Summary: The focus of this project was on specialist multi-disciplinary Pain Clinics and Falls and Balance Clinics. It involved the development of program guidelines, clinical performance indicators and assessment guides. This was achieved by working in conjunction with clinical experts.

  Development of a Generic Brief and Resource Guidelines for Community Rehabilitation Centres

Year: 1998

Summary: The Generic Brief provides a policy context and activity outline for the work of CRCs. Incorporating service descriptions and architectural information, the Generic Brief provides the blueprint for redevelopment or construction/operation of a CRC. The Resource Guidelines project involved extensive service mapping and a large data collection involving all Victorian CRCs in order to establish the current level of service provision and propose the level and distribution required to meet future demand.

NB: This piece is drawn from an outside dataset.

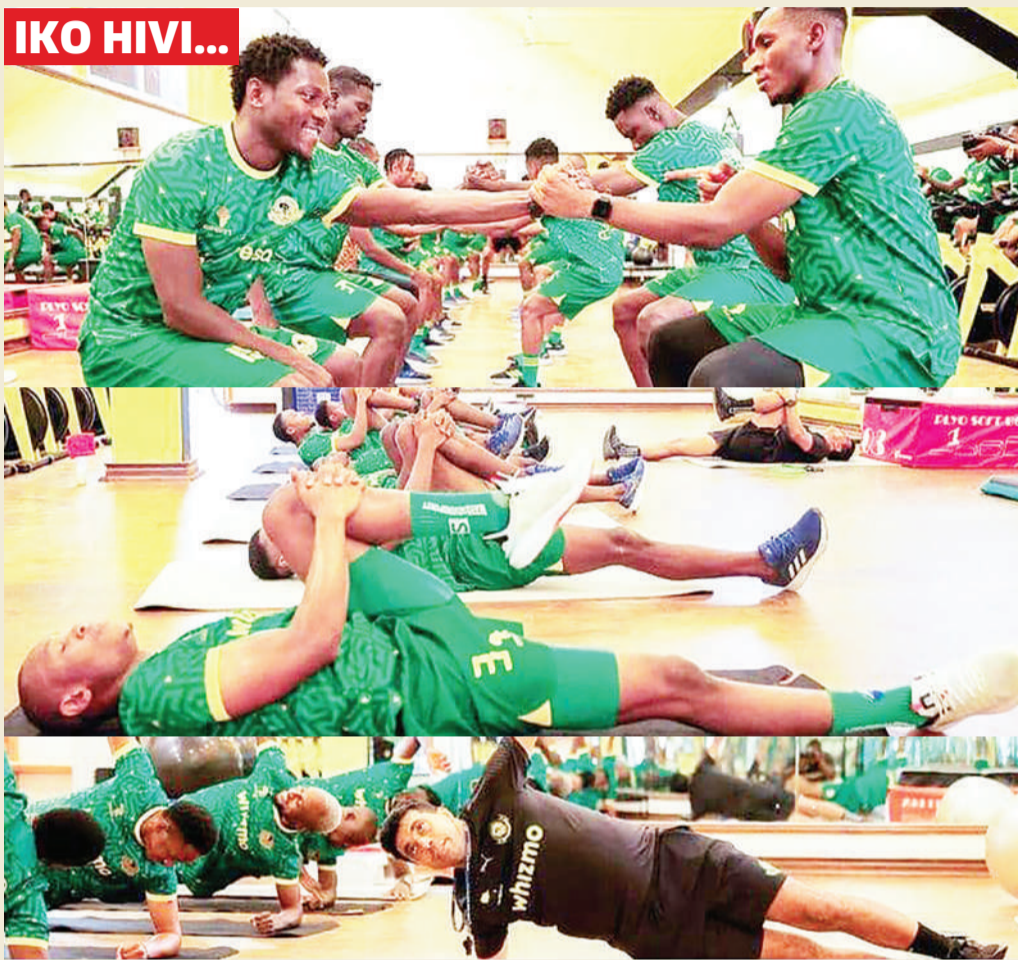
Wachezaji wa Yanga wakifanya mazoezi ya viungo kujiandaa na mechi ijayo ya Ligi ya Mabingwa Afrika ugenini dhidi ya Medeama ya Ghana itakayopigwa nchini humo Ijumaa wiki hii.

  Post-Acute Care Re-admissions for North Western Health Care Network

Year: 1998-99

Summary: This project aimed to explore factors which underpin unplanned readmission to hospital for post acute care clients and then to recommend strategies to reduce avoidable, unplanned re-admissions. In depth case studies which include medical record review, interviews with hospital and community service providers, the client/carer and the post acute care staff were the central data source for the study.

  Development of Clinical Indicators for Community Rehabilitation Centres (CRC)

Year: 1996-97

Staff: Robyn Smith

Summary: This project involved the development of key clinical performance indicators for use by the staff of CRCs when evaluating the process of clinical care. Consultation with CRC staff was critical in the development of the measures and pilot testing in twelve centres in Victoria. This model has been adopted for a range of other DHS services.

Funding source: Victorian Department of Human Services

  Aids and Appliances: (DHS, Western Metro)

Summary: This was a qualitative study using focus groups and individual interviews to investigate the use by older people with a disability of home aids, appliances and modifications. The outcomes had an impact on policy and service provision practice in the areas of equipment assessment and issue.